TRY IT » Your job is to print, exactly, the lines in the data below from the line with "El presidente del" through the line with "Are you looking", both included, and to omit any picture.

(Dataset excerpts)
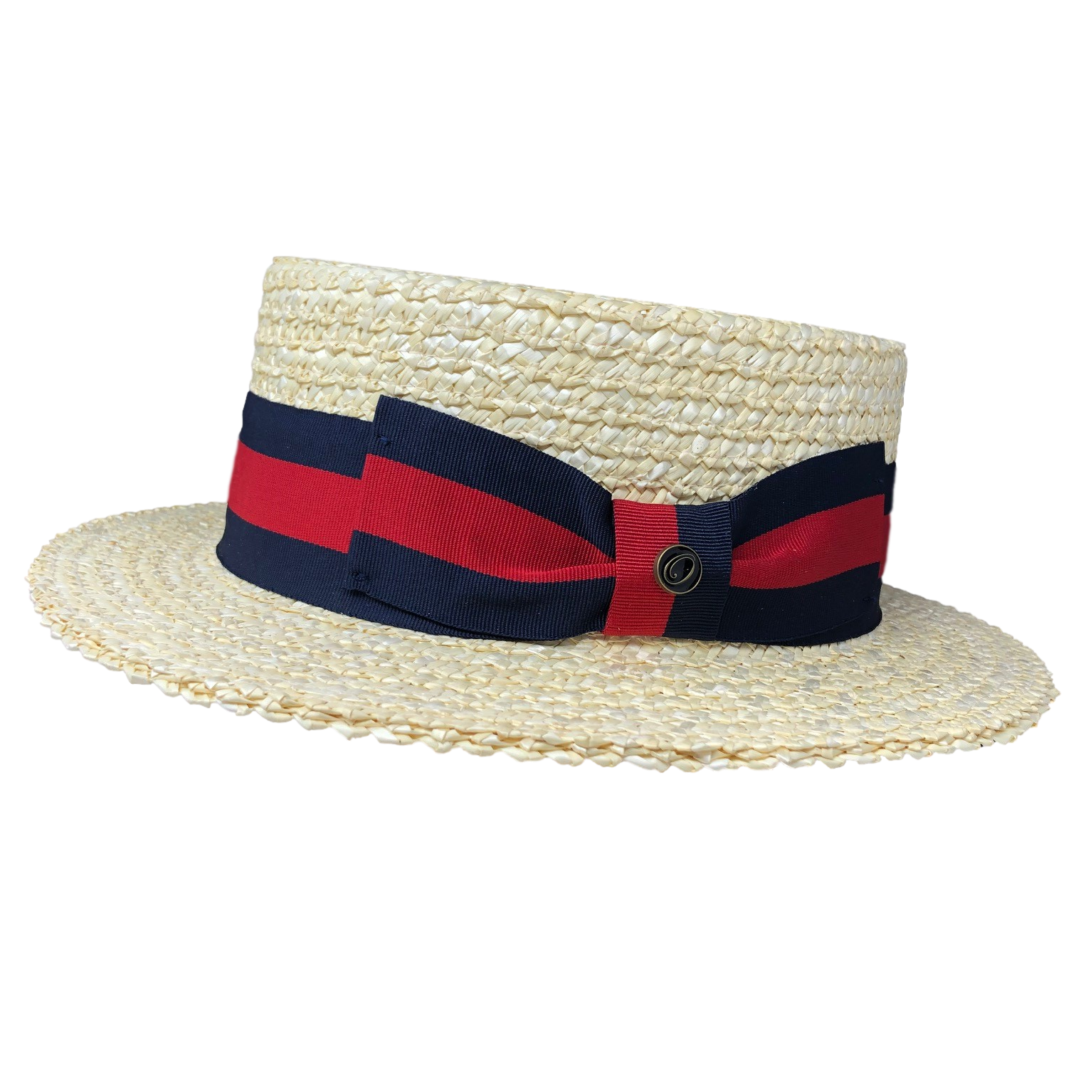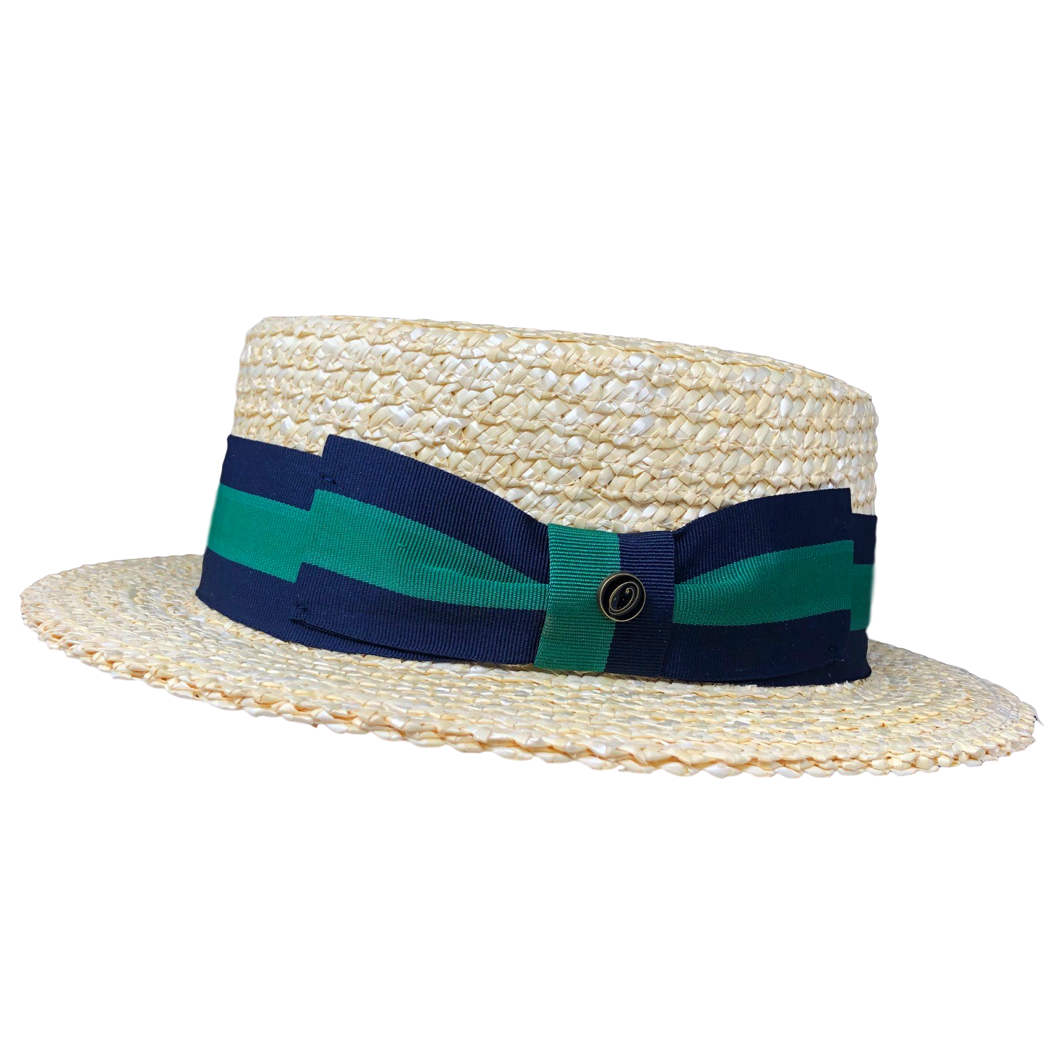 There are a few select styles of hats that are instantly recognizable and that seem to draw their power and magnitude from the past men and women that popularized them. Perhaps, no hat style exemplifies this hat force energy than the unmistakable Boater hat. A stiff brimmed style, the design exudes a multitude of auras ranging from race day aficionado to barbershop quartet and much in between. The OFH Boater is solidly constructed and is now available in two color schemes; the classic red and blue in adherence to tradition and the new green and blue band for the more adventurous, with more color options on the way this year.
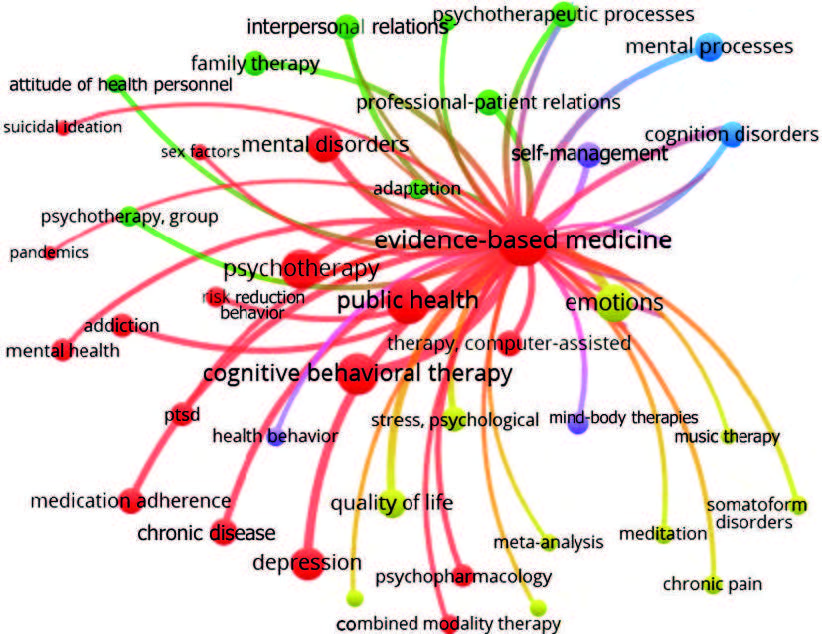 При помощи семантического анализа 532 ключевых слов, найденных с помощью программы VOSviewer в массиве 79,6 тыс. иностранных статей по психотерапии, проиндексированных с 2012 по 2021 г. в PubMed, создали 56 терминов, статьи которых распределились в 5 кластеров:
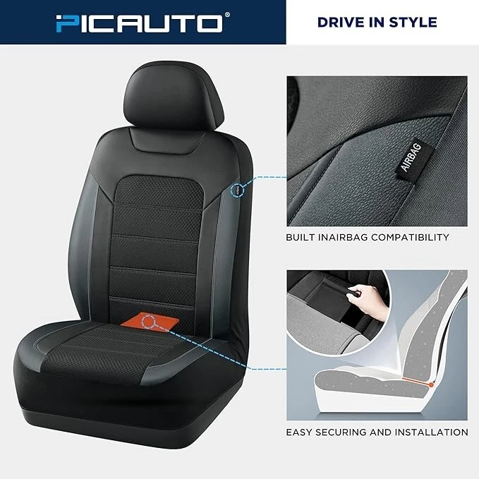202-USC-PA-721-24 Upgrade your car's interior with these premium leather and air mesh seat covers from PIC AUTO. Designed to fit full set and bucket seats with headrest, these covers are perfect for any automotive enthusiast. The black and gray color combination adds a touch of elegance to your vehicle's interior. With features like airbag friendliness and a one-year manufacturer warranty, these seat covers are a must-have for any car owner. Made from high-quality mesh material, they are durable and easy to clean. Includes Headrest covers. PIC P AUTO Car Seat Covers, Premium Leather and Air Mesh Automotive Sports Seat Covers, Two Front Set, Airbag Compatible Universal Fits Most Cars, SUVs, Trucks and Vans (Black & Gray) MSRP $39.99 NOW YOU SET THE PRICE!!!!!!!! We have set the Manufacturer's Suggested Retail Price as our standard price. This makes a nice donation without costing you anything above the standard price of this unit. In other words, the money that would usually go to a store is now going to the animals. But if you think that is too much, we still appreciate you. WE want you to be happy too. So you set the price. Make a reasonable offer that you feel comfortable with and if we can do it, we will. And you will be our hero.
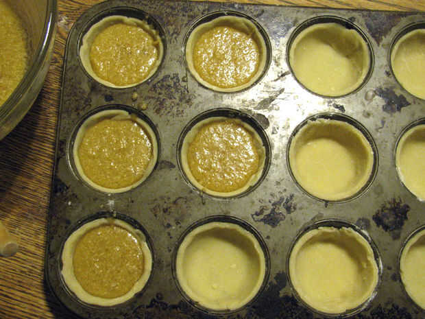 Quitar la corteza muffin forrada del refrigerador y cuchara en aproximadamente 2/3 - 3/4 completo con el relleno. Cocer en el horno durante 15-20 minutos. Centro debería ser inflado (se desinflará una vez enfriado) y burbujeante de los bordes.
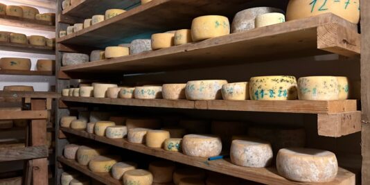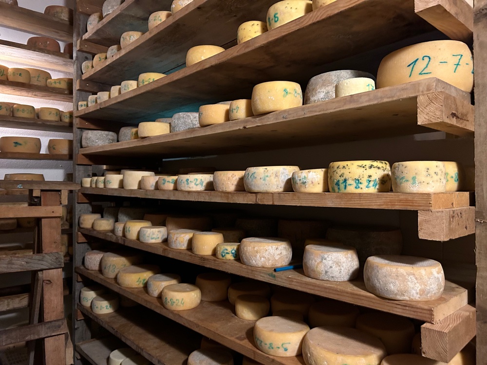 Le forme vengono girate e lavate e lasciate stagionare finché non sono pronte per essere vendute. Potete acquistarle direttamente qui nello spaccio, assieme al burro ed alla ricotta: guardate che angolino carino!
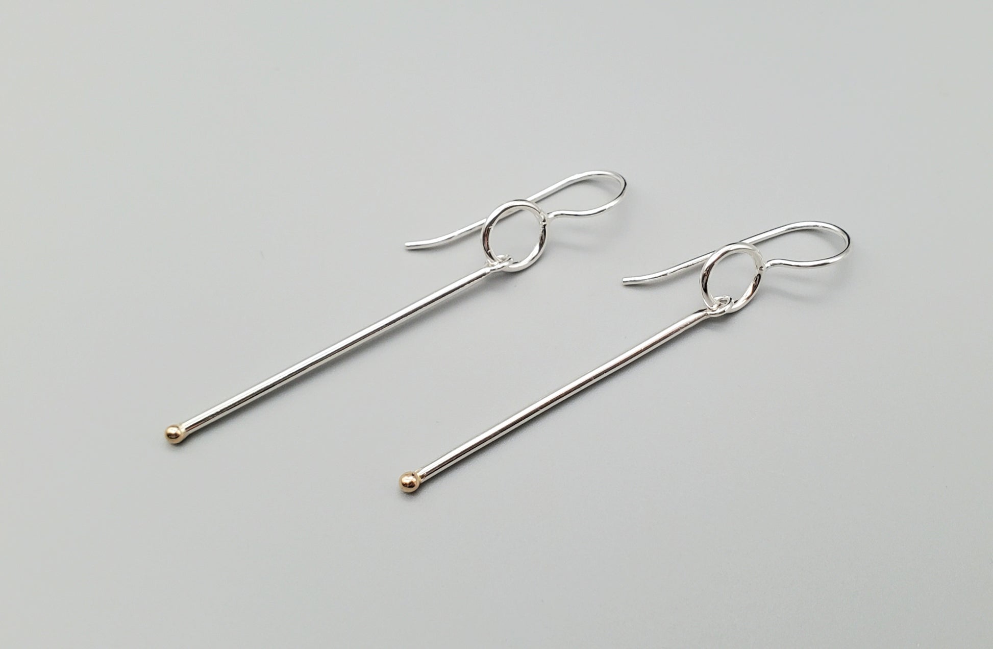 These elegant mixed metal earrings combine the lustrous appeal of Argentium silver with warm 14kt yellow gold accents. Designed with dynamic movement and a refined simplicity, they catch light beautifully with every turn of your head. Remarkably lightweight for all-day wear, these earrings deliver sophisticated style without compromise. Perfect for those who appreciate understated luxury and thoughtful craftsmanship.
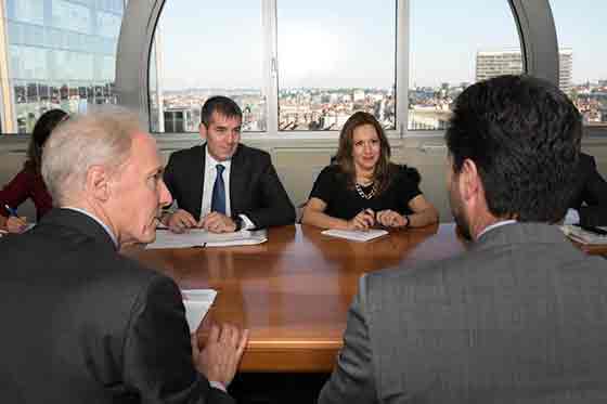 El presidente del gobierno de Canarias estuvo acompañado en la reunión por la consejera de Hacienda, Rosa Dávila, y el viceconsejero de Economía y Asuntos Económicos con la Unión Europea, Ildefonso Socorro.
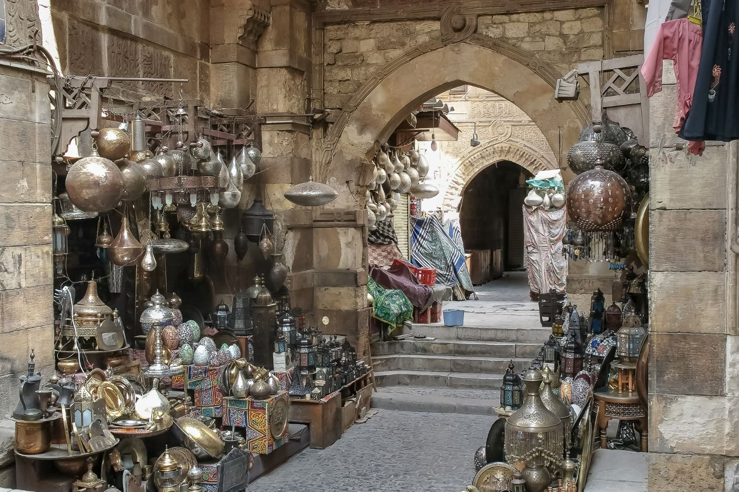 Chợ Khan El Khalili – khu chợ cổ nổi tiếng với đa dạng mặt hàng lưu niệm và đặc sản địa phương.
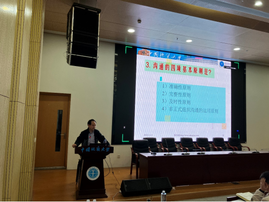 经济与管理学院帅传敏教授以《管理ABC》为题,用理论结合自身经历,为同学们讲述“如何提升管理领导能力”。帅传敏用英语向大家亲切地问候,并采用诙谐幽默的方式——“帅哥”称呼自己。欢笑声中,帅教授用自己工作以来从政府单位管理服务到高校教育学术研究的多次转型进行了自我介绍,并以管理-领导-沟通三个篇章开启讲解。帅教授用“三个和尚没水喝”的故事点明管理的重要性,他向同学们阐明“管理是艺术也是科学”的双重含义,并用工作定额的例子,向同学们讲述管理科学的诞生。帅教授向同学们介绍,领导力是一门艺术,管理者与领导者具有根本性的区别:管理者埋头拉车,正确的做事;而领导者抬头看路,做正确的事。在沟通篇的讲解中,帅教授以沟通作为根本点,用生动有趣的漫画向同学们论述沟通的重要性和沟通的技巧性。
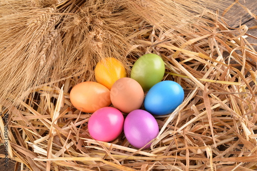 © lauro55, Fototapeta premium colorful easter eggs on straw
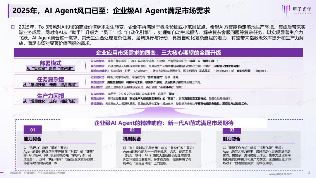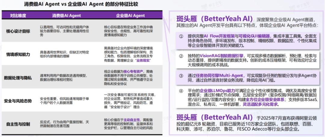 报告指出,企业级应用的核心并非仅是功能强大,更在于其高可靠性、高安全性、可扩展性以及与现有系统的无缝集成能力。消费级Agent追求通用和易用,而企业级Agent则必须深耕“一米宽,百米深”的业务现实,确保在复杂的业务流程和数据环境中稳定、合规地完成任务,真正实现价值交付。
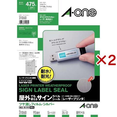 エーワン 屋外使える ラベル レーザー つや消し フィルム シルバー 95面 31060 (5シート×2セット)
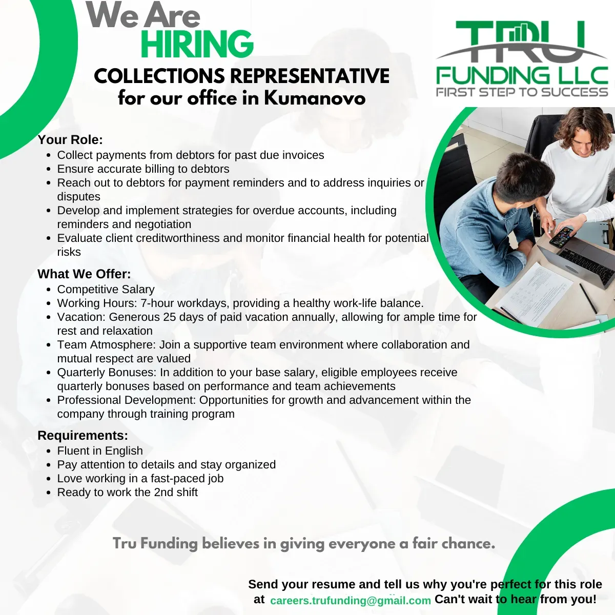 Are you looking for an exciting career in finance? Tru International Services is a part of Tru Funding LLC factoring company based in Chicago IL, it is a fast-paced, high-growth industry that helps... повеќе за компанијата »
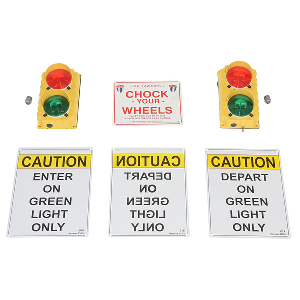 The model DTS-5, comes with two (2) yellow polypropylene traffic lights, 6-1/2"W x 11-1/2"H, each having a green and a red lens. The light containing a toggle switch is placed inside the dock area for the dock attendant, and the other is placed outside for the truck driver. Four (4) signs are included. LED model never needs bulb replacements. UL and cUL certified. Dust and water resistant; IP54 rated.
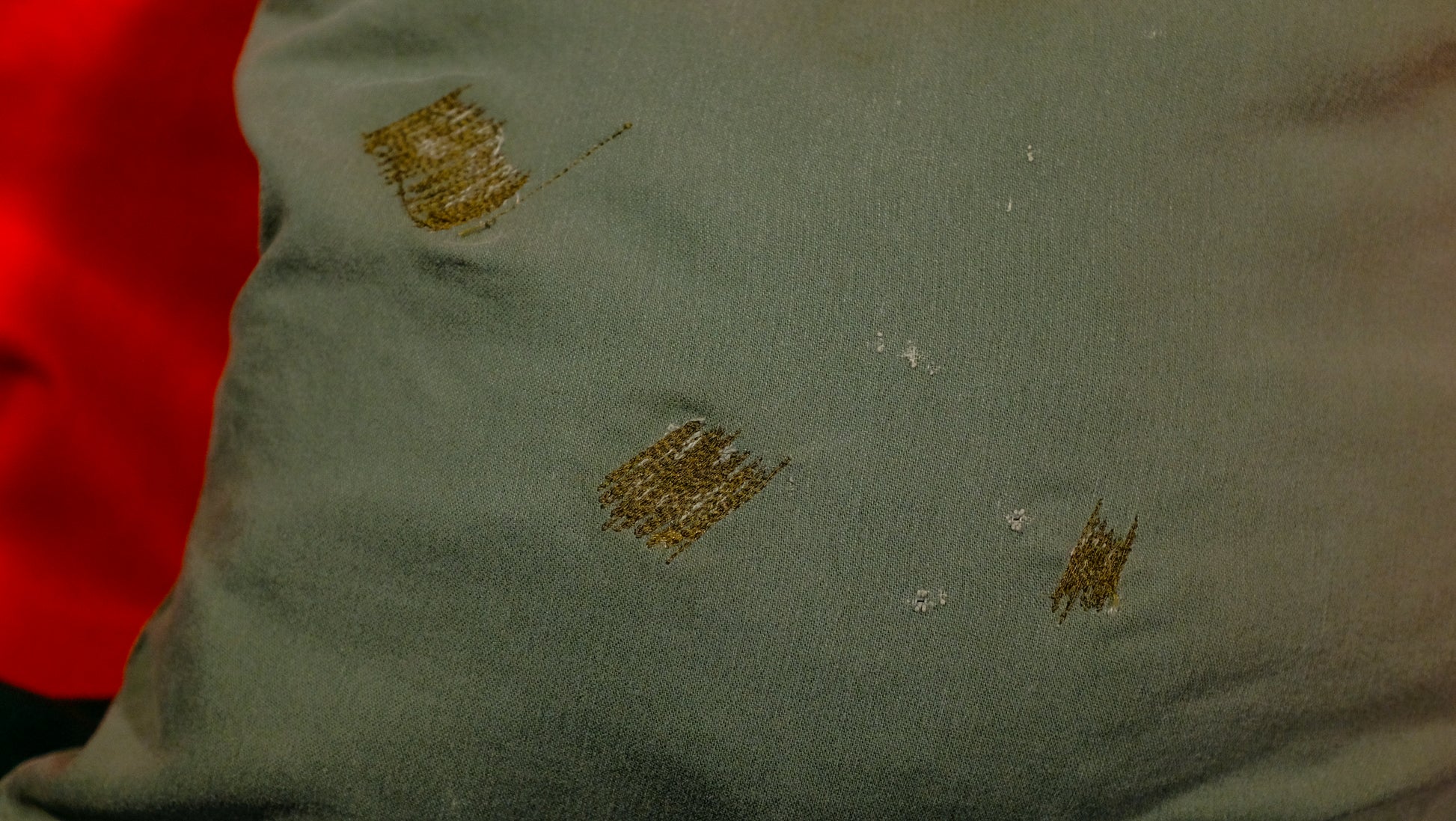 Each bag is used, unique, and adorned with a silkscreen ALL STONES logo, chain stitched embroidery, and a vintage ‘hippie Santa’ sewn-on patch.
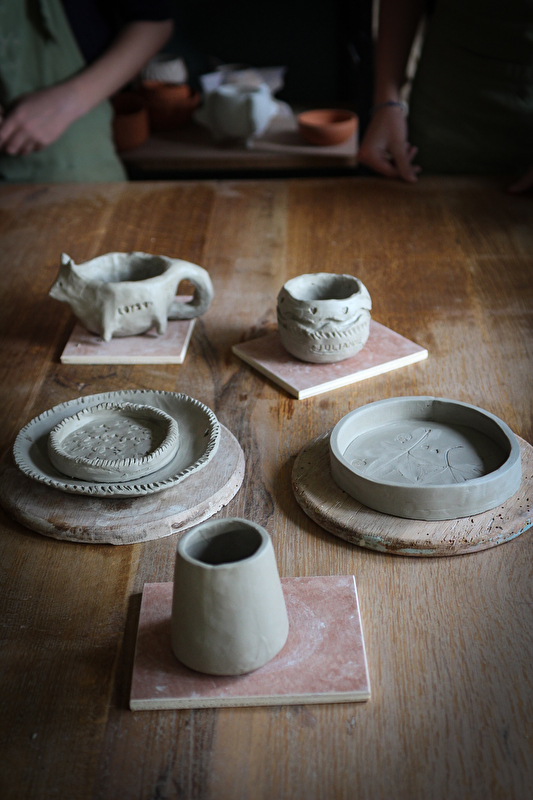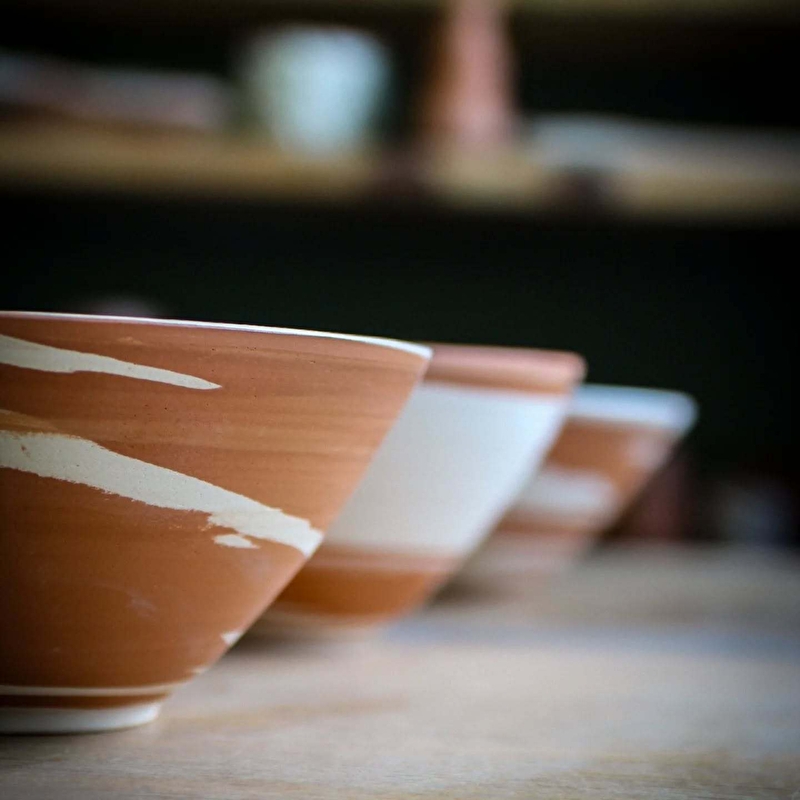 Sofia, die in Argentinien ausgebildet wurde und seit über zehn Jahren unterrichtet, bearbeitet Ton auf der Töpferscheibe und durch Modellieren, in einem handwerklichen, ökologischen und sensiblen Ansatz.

WRITTEN SOLUTION »
 El presidente del gobierno de Canarias estuvo acompañado en la reunión por la consejera de Hacienda, Rosa Dávila, y el viceconsejero de Economía y Asuntos Económicos con la Unión Europea, Ildefonso Socorro.
 Chợ Khan El Khalili – khu chợ cổ nổi tiếng với đa dạng mặt hàng lưu niệm và đặc sản địa phương.
 经济与管理学院帅传敏教授以《管理ABC》为题,用理论结合自身经历,为同学们讲述“如何提升管理领导能力”。帅传敏用英语向大家亲切地问候,并采用诙谐幽默的方式——“帅哥”称呼自己。欢笑声中,帅教授用自己工作以来从政府单位管理服务到高校教育学术研究的多次转型进行了自我介绍,并以管理-领导-沟通三个篇章开启讲解。帅教授用“三个和尚没水喝”的故事点明管理的重要性,他向同学们阐明“管理是艺术也是科学”的双重含义,并用工作定额的例子,向同学们讲述管理科学的诞生。帅教授向同学们介绍,领导力是一门艺术,管理者与领导者具有根本性的区别:管理者埋头拉车,正确的做事;而领导者抬头看路,做正确的事。在沟通篇的讲解中,帅教授以沟通作为根本点,用生动有趣的漫画向同学们论述沟通的重要性和沟通的技巧性。
 © lauro55, Fototapeta premium colorful easter eggs on straw
 报告指出,企业级应用的核心并非仅是功能强大,更在于其高可靠性、高安全性、可扩展性以及与现有系统的无缝集成能力。消费级Agent追求通用和易用,而企业级Agent则必须深耕“一米宽,百米深”的业务现实,确保在复杂的业务流程和数据环境中稳定、合规地完成任务,真正实现价值交付。
 エーワン 屋外使える ラベル レーザー つや消し フィルム シルバー 95面 31060 (5シート×2セット)
 Are you looking for an exciting career in finance? Tru International Services is a part of Tru Funding LLC factoring company based in Chicago IL, it is a fast-paced, high-growth industry that helps... повеќе за компанијата »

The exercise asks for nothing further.